Nothing but the lines from the one with "ఇందూరులోని 44వ డివిజన్లో" down to the one with "Подложка COLOURMOUNT (музейный)" should be returned, exactly and with both ends included, from the material below.

**Material for the task**
:::
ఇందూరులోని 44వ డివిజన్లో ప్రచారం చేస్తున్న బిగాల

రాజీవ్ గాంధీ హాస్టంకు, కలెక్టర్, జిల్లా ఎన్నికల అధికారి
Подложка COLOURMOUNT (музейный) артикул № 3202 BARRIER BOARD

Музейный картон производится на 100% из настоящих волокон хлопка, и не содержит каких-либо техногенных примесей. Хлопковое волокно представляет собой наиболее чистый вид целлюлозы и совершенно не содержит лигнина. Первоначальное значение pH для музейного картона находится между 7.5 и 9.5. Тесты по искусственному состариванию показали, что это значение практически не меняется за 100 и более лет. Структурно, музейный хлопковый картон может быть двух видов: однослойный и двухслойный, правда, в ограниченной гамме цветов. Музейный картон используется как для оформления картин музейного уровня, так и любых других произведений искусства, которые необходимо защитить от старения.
:::
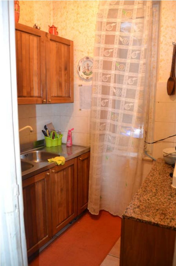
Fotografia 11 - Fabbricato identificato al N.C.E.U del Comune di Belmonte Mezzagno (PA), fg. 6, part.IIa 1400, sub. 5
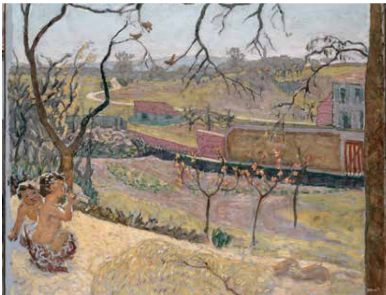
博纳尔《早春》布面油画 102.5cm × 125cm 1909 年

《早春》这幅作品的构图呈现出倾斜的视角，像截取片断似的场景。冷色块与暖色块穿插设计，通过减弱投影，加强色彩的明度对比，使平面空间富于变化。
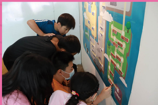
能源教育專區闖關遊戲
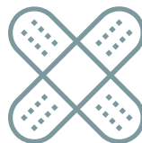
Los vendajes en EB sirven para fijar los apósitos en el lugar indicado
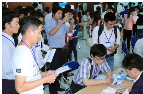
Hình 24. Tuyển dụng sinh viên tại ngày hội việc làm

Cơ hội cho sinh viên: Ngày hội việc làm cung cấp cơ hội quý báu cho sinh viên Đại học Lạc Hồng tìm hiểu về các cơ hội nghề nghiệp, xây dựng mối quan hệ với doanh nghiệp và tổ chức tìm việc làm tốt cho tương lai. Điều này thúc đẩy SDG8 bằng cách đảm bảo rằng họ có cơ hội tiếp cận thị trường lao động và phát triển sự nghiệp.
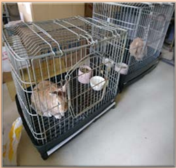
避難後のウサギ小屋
:::
**Your response**
ఇందూరులోని 44వ డివిజన్లో ప్రచారం చేస్తున్న బిగాల

రాజీవ్ గాంధీ హాస్టంకు, కలెక్టర్, జిల్లా ఎన్నికల అధికారి
Подложка COLOURMOUNT (музейный) артикул № 3202 BARRIER BOARD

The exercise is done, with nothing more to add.